Thu 1 January 2026 16:25, UK

When the curtain was coming down on The Beatles, Paul McCartney knew they had to go out with a bang. 

Although Let It Be was the last album completed before the quartet broke up in April 1970, the final album they recorded was 1969’s Abbey Road. Notably, the second side of Abbey Road is comprised of an extended medley of songs that affirmed that the group still had it, whatever magic ‘it’ was, despite things seemingly winding down in despair.

Composed by Paul McCartney, the conclusive song of this medley is the aptly titled ‘The End’. Credited to the Lennon-McCartney partnership, the song arrived at a significant moment, given that it was the final song all four band members recorded collectively. As is well-known, the time spent together in the studio became increasingly diminished as the interpersonal relationships started to fray, and their energy levels finally waned.

In frontman John Lennon’s final interview before he was killed in December 1980, compiled into David Sheff’s book All We Are Saying, he unfalteringly reflected on ‘The End’, explaining, “That’s Paul again, the unfinished song, right? We’re on Abbey Road. Just a piece at the end.”

Before ever so slightly more poignantly adding, “He had a line in it [sings], ‘And in the end, the love you get is equal to the love you give [sic],’ which is a very cosmic, philosophical line. Which again proves that if he wants to, he can think.” 

Ringo Starr - John Lennon - George Harrison - Paul McCartney - 1966 - The BeatlesCheers. Ringo Starr and The Beatles. (Credits: Far Out / Alamy)

In the 2021 project The Lyrics: 1956 to the Present, McCartney also looked back on the couplets his old songwriting partner backhandedly praised, when he said: “This is one of those couplets that can keep you thinking for a long time. It may be about good karma. What goes around comes around, as they say in America.”

Apart from the candid sentiment McCartney imbues in the track, it is also consequential for another reason. ‘The End’ features the only drum solo recorded by Ringo Starr with the band, in what McCartney has since described as a “token” feature, given the drummer’s well-recorded aversion to such creative turns.

In Mark Lewisohn’s 1988 reference book, The Complete Beatles Recording Sessions, McCartney explained how the Ringo solo materialised. He said: “Ringo would never do drum solos. He hated drummers who did lengthy drum solos. We all did.”

He continued, “And when he joined The Beatles, we said, ‘Ah, what about drum solos then?’, thinking he might say, ‘Yeah, I’ll have a five-hour one in the middle of your set,’ and he said, ‘I hate’ em!’ We said, ‘Great! We love you!’ And so he would never do them.
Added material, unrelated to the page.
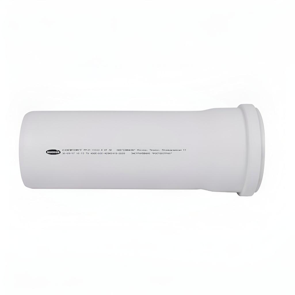 Труба канализационная Sinikon 500083, диаметр 110 мм, длина 250 мм, белая — короткий полипропиленовый патрубок для ремонтных вставок и соединений во внутренней канализационной системе. Изготовлена из термостойкого гомополимера пропилена (PP-H), устойчивого к высоким температурам стоков.

But because of this medley, I said, ‘Well, a token solo?’ and he really dug his heels in and didn’t want to do it.”

However, the point of the medley, in part, was to reflect all aspects of the band in a single flourish, and a drumming solo was the most perfunctory way to bring Ringo to the fore. So, McCartney proved persistent. “After a little bit of gentle persuasion, I said, ‘Yeah, just do that, it wouldn’t be Buddy Rich gone mad,’ because I think that’s what he didn’t want to do,” he recalled.

Interestingly, Starr’s solo on ‘The End’ was recorded with 12 microphones placed around the drum kit – when he went for it, he really went for it. In Kenneth Womack’s The Beatles Encyclopedia, it is reported that the drummer copied a section of Ron Bushy’s performance on Iron Butterfly’s proto-metal classic, ‘In-A-Gadda-Da-Vida’ for the recording, holding no punches over how ambitious he should pitch his only solo in the Fab Four. 
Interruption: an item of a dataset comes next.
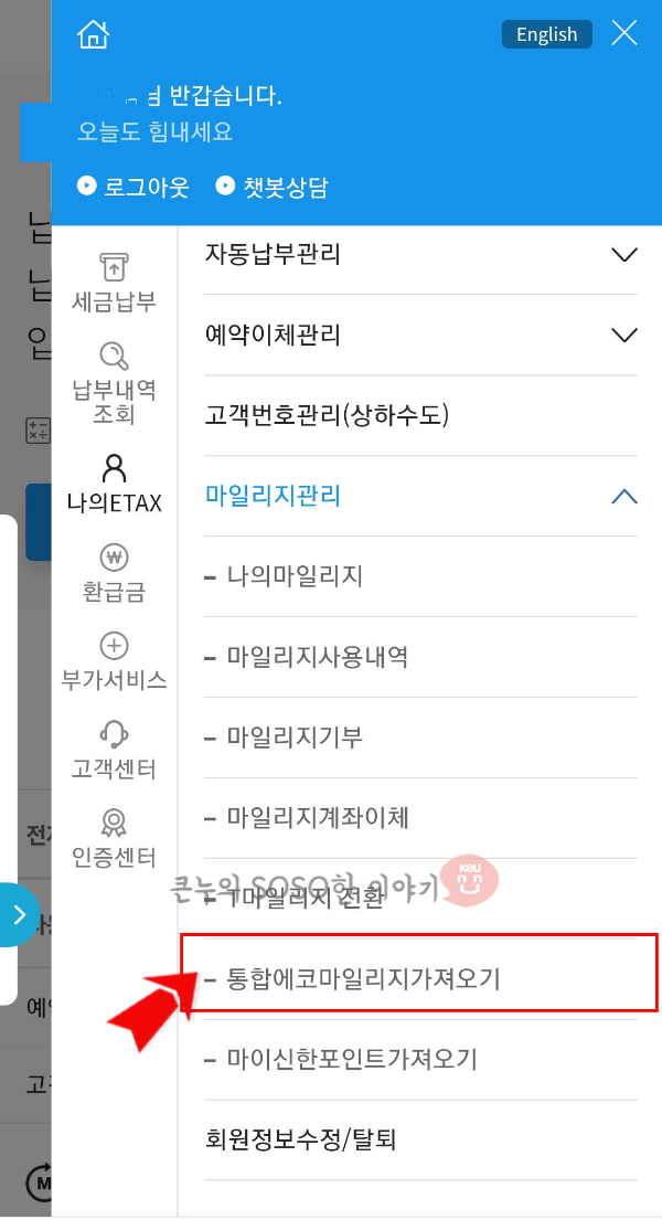 2. 나의 ETAX에서 마일리지 관리 - 통합에코마일리지 가져오기 를 눌러줍니다.

The take that Starr performed the solo on also had guitar and tambourine as the accompaniment, but they were muted during the mixing stage, thus giving the effect of a solo cut in isolation. This means that even by giving in to McCartney’s request, Ringo still just about had it his way.
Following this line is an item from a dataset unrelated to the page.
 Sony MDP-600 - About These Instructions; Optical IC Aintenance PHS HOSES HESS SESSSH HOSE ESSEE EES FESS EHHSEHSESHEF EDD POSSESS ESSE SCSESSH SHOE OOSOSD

Why was Ringo so reluctant to solo?

In short, Ringo’s attitude was, ‘Why should I’? As he once said himself, “At the beginning, because of the songwriters, which is a very powerful force in The Beatles and John and Paul mainly as the singers and I was just playing the drums and nodding my head so I didn’t get noticed.”

Continuing: “You look at Charlie Watts in the Stones, and there is nothing really said, and he’s an amazing drummer, but the drummers tended not to get the writing. The drummer is the driving force, but when you have songwriters of that calibre and singers who much prefer to talk about the songs and the writers.” After all, why would you want someone to thrash their way through ‘Blackbird’?One of his finest assets as a drummer is that he recognised his key place in the composition. And that’s even aptly displayed in the subtle way he does eventually solo in a manner that complements the mix rather than showing off in ‘The End’.